Trigriluzole With Nivolumab and Pembrolizumab in Treating Patients With Metastatic or Unresectable Solid Malignancies or Lymphoma

November 14, 2023 updated by: Biren Saraiya, MD, Rutgers, The State University of New Jersey

A Phase I Study to Evaluate the Safety of Trigriluzole (FC-4157/BHV-4157) in Combination With PD-1 Blocking Antibodies

This phase I trial studies the best dose and side effects of trigriluzole in combination with nivolumab and pembrolizumab in treating patients with solid malignancies or lymphoma that has spread to other places in the body or cannot be removed by surgery.
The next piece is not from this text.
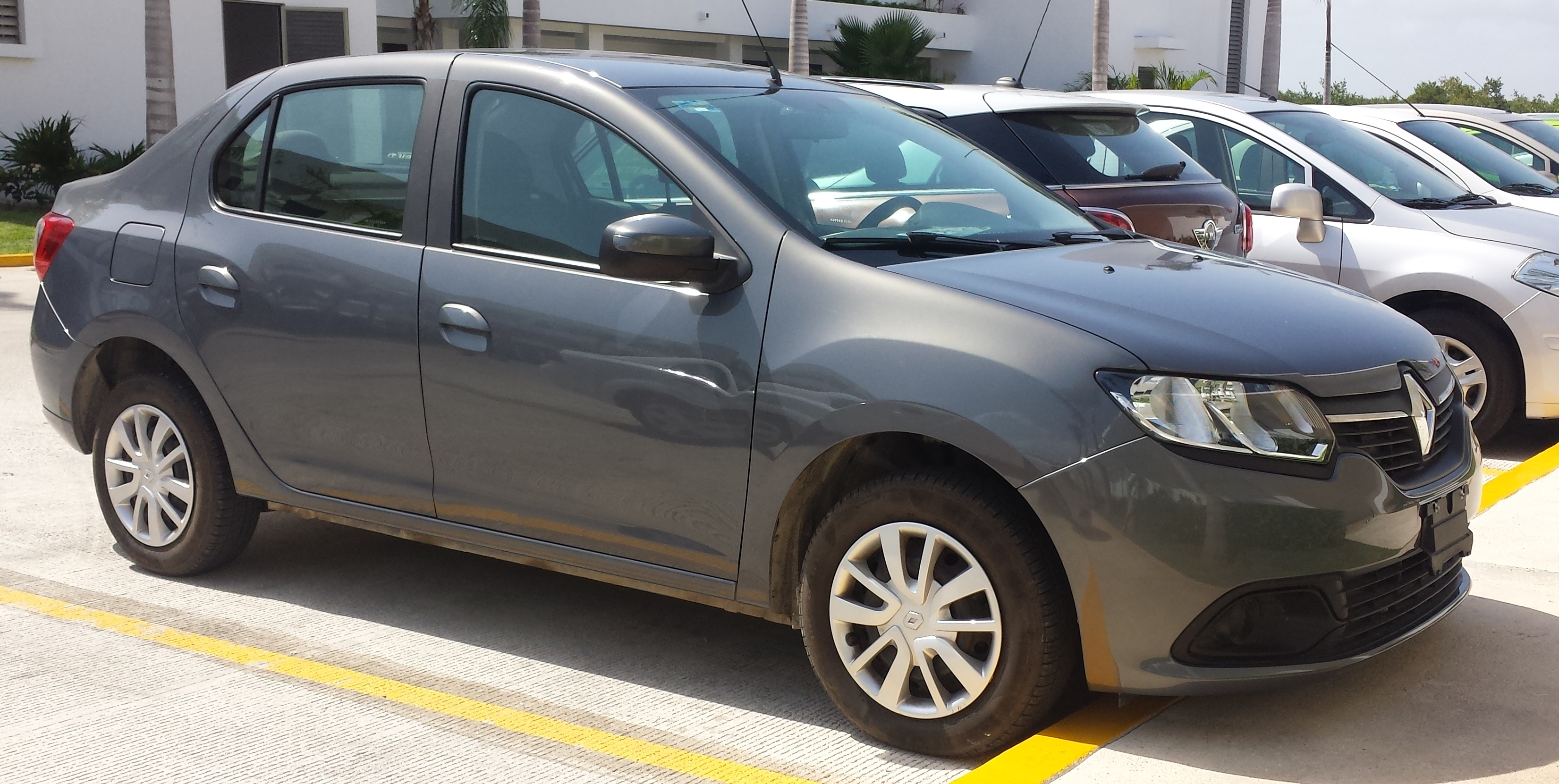 Renault Logan sedan in Mexico

Trigriluzole may stop the growth of tumor cells by blocking some of the enzymes needed for cell growth. Monoclonal antibodies, such as nivolumab and pembrolizumab, may interfere with the ability of tumor cells to grow and spread. Giving trigriluzole in combination with nivolumab and pembrolizumab may work better at treating patients with solid malignancies or lymphoma.

Study Overview

Detailed Description

PRIMARY OBJECTIVES:

I. The primary objective of this study is to determine the safety of trigriluzole in combination with PD-1 inhibiting antibodies, and to define a maximum tolerated dose (MTD) of trigriluzole in combination therapy.

SECONDARY OBJECTIVES:

I. To characterize the efficacy of the combination therapy. II. To identify markers of response to trigriluzole in the tumor microenvironment.
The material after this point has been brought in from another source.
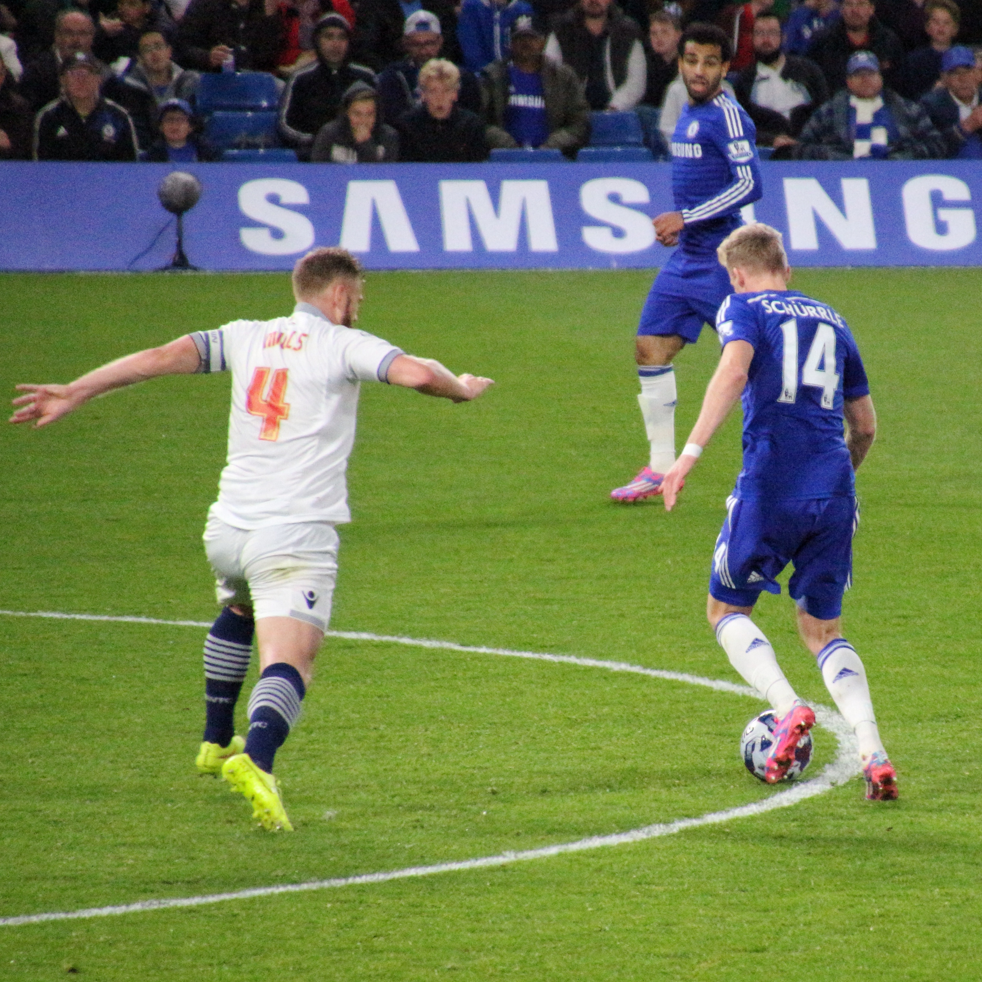 Chelsea 2 Bolton Wanderers 1 Chelsea progress to the next round of the Capital One cup
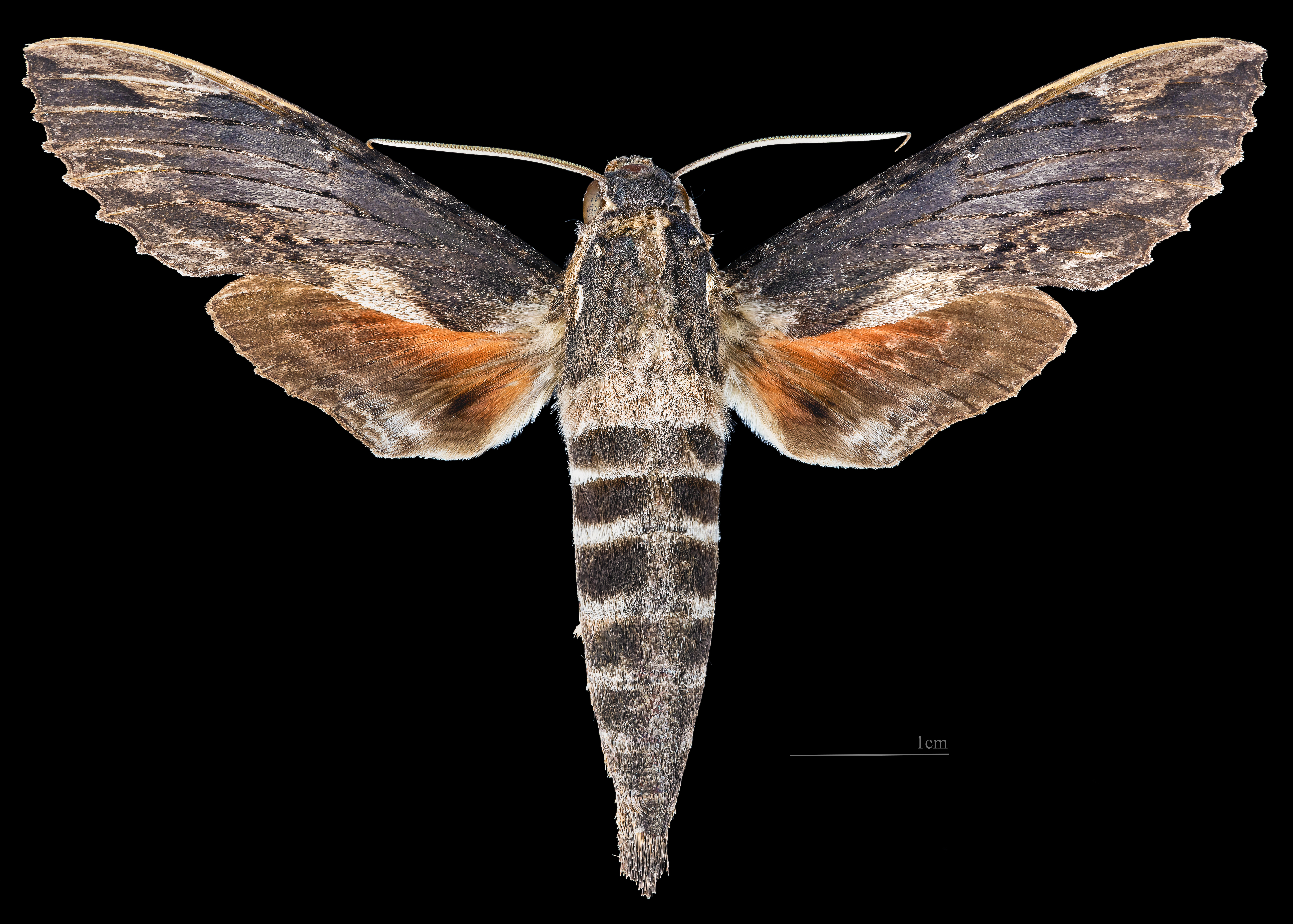 Erinnyis lassauxii - Dorsal side Collection of the Mathematician Laurent Schwartz

OUTLINE: This is a dose-escalation study of trigriluzole.

Patients receive trigriluzole orally (PO) every other day (QOD), twice daily (BID), every morning (QAM) or every bedtime (QHS) on days -14 to -1. Patients then receive nivolumab intravenously (IV) over 60 minutes every 2 weeks beginning week 1 and trigriluzole PO QOD, BID, QAM or QHS. Once the MTD of trigriluzole with nivolumab is identified, patients receive pembrolizumab IV over 30 minutes every 3 weeks beginning week 1 and trigriluzole PO. Treatment repeats for up to 1 year in the absence of disease progression or unacceptable toxicity.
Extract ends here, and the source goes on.